Panafrican News Agency (Dakar)

February 26, 2001
Posted to the web February 27, 2001

Ouagadougou, Burkina Faso

Though it was in the red until recently, Air Burkina is making a fast turnround that would soon give the company a higher profile as a regional carrier in West Africa.

Thanks to its privatisation this year, the company is aiming at a 3.5 billion CFA francs business turnover this year.

Set up in 1966, Air Burkina took off the following year with a 35 million CFA francs share capital of which 56 percent was held by the state, 17 percent was owned by SOGETRAF (a subsidiary company of Air France) and 17 percent by the private sector in Burkina Faso.

The airline purchased its first aircraft, a 'Banderaute', in 1978 at a cost of 270 million CFA francs.
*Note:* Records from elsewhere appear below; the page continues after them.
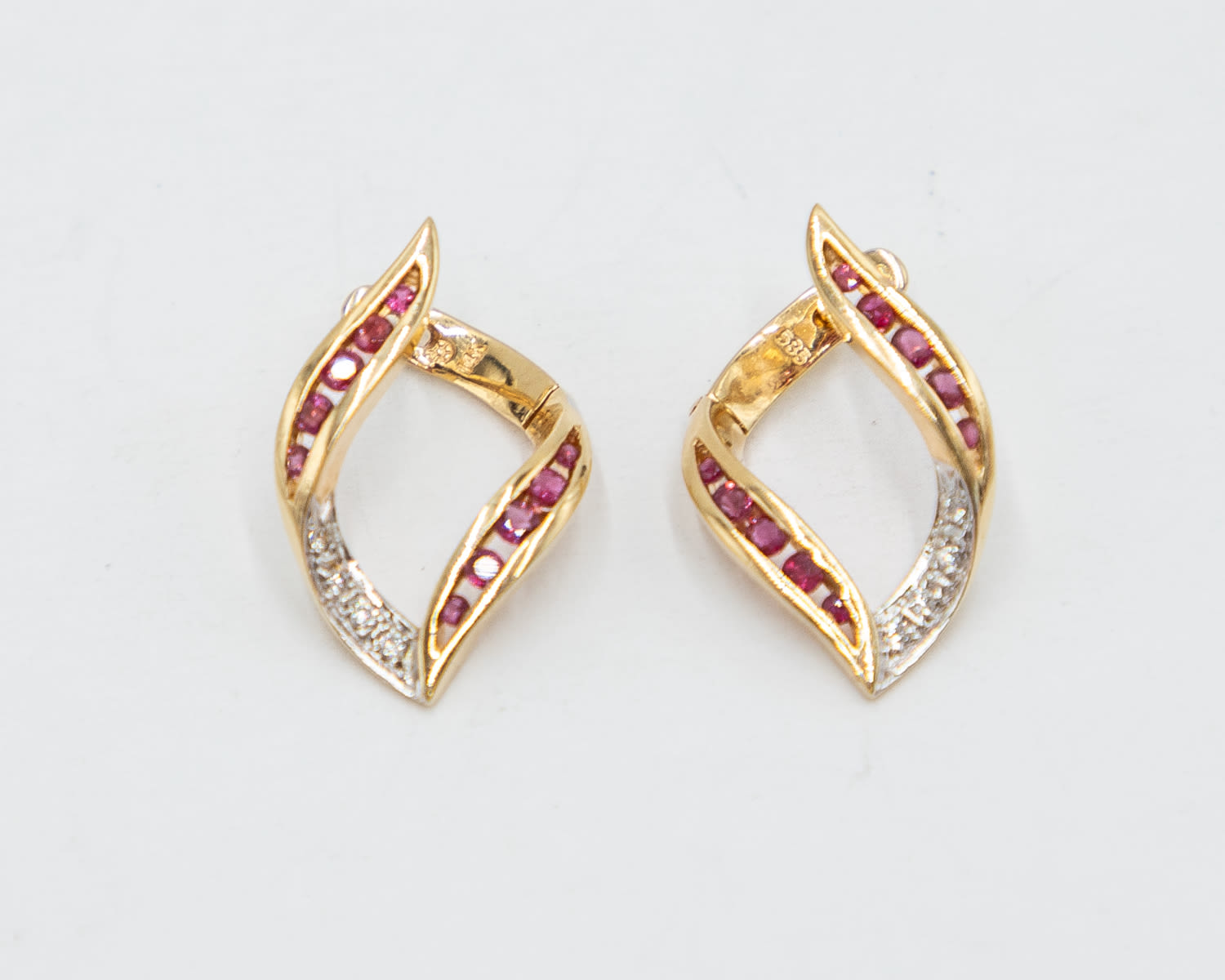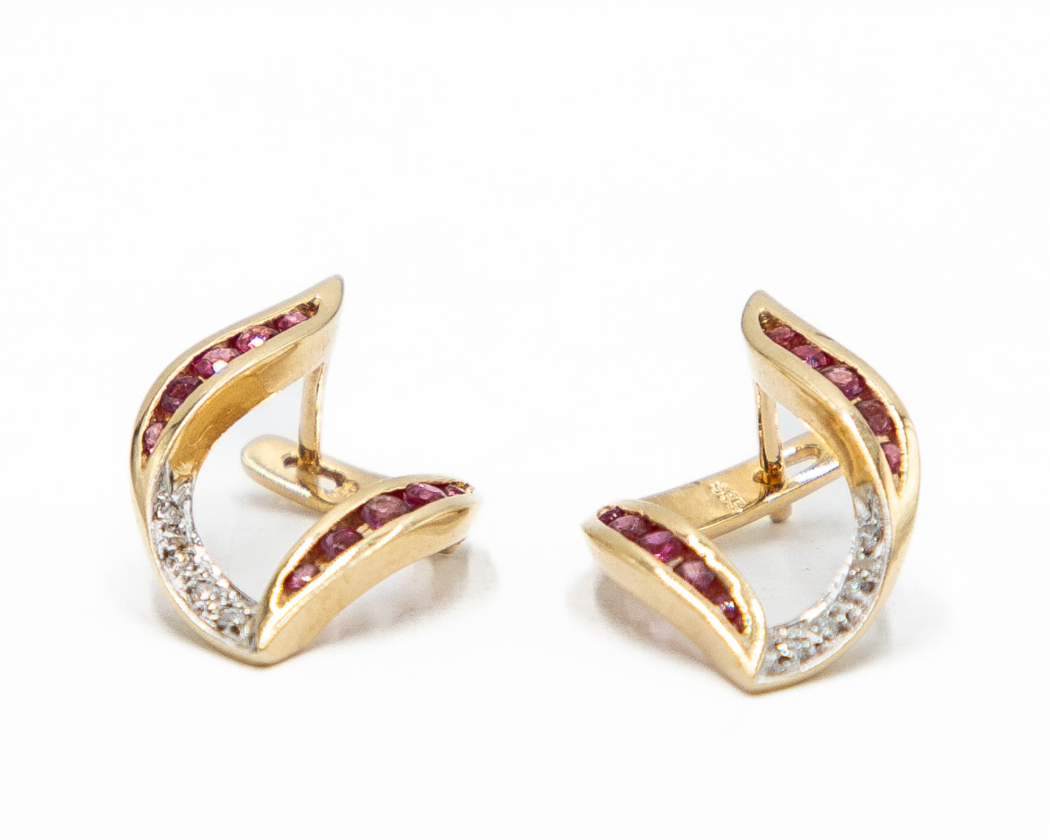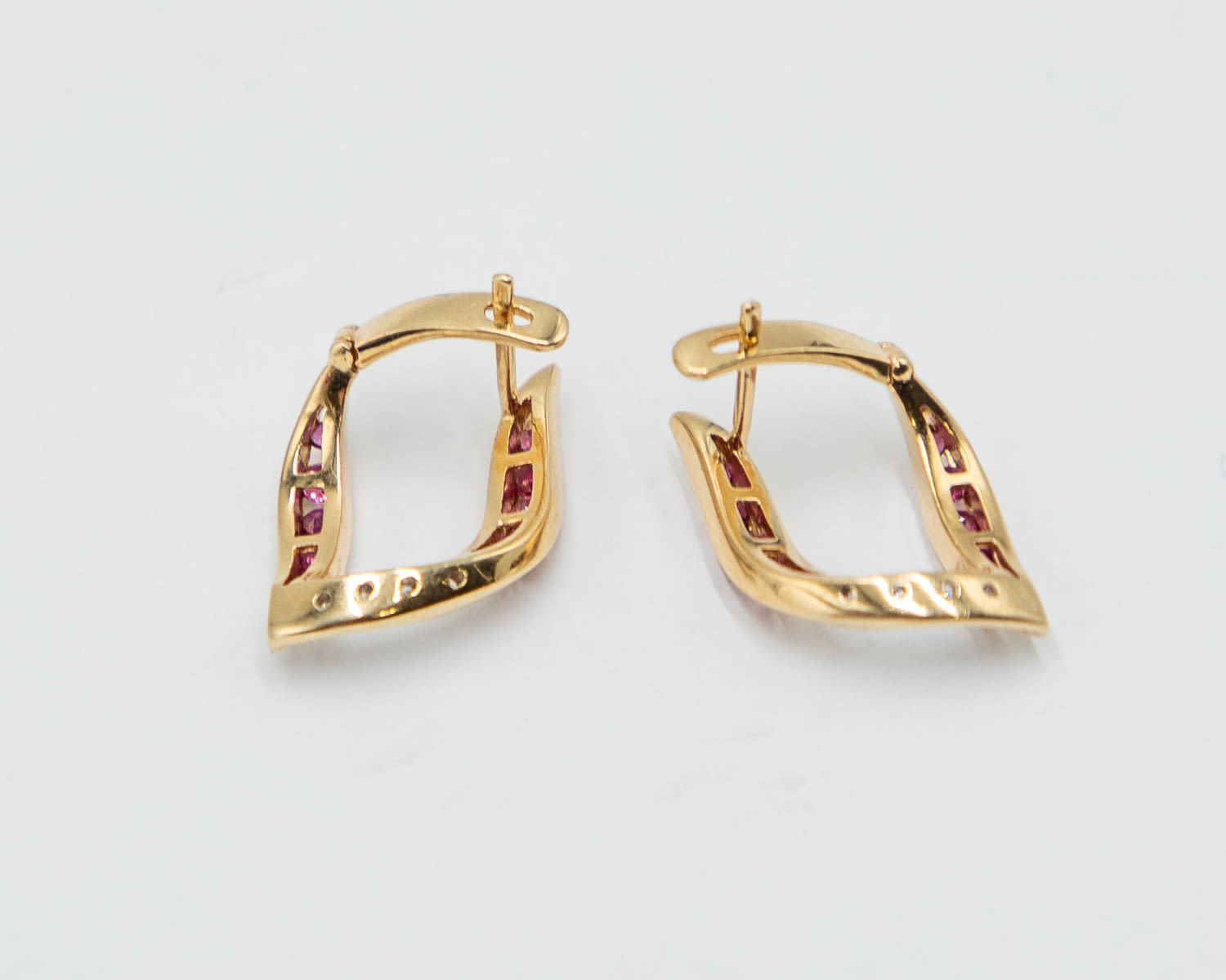 Diamond Chip Ruby 14k Gold Earrings 5.1g
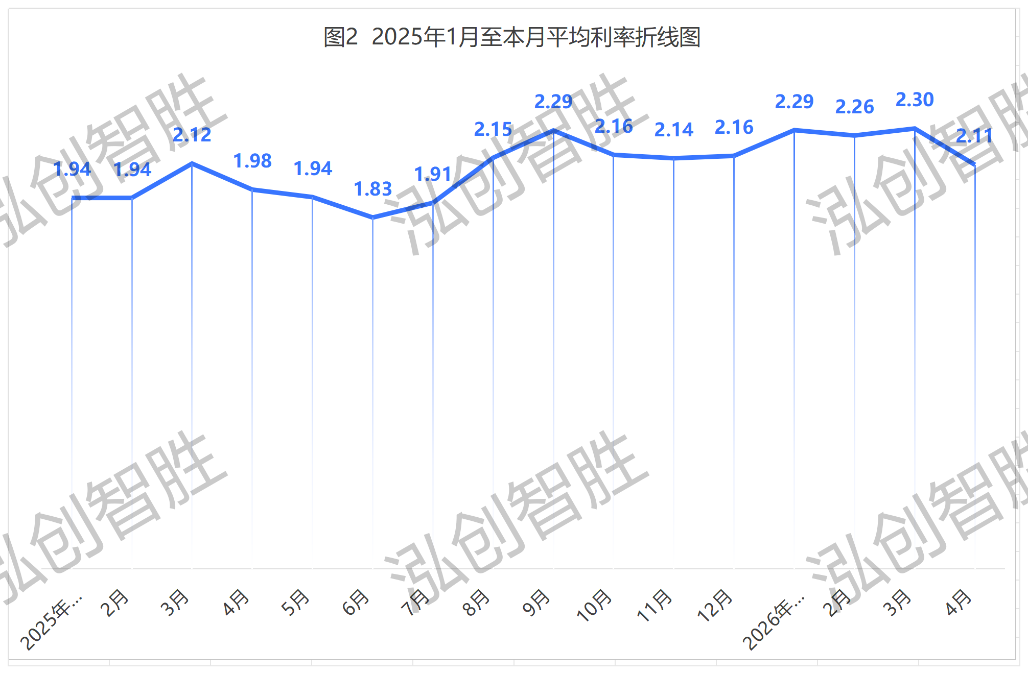 从月平均利率来看,截至目前本月平均利率为2.11%,较2025年4月同比增长0.13个百分点,位于本年度新增专项债券利率最低位置。
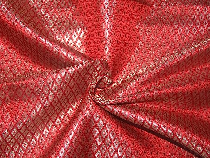 Silk Brocade Fabric red and Metallic Gold COLOR 44" WIDE BRO766B[3]

In 1983 it added a Fokker F28 to its fleet and extended its wings to the capitals of neighbouring countries.

According to the Treaty of Yaounde, which founded the multinational Air Afrique, a national airline can only cover neighbouring countries.

With somewhat limited ambitions, the company focused largely on chartering its planes to individuals and organisations while it shared some passenger and freight traffic with Air Afrique.

In addition to its domestic Ouaga-Bobo route, "Air Burkina fulfils its mission of "an airline of good relations" and of a tool for opening up the sub-region", said Marobi Bamba, who was in charge of the company's restructuring.

According to statistics provided by the Ministry of Transport and Tourism, freight accounts for over 500 million CFA Francs revenue annually and the airline controls 80 percent of the market in the capitals covered with up to 45,000 passengers a year.

Though servicing of Air Burkina planes during transit is carried out by Air Afrique, problems experienced by the latter may lead to stopping the exchange of tickets and passengers due to non-payment by Air Burkina.

By 1992 Air Burkina had an accumulated deficit of one billion CFA Francs which prompted authorities to adopt a redress plan the following year.

Implementation of the plan, however, was beset with many obstacles as the company's total debt soared after the devaluation of the CFA Franc.

Partial privatisation of the airline aims at maintaining the level of its competitiveness while minimising running costs.

According Bamba, measures taken as part of the restructuring have led to reshaping the management set-up and redesigning the flow of passenger traffic.

In view of the difficulties brought about by devaluation of the CFA franc, the World Bank had suggested a total privatisation of the company.

The privatisation agreement of Air Burkina and the airline's takeover on 21 February 2001 by the Aga Khan Group as the principal shareholder should extend its business horizon.

The Aga Khan Group now controls 56 percent shares in the company, with the government retaining 14 percent shares while local operators and the company's staff hold the remaining 30 percent shares.

Under this agreement, Air Burkina will retain its 103 permanent employees. Currently, management intends to acquire a bigger aircraft and widen the airline's network to include Dakar, Accra and Libreville among other regional destinations.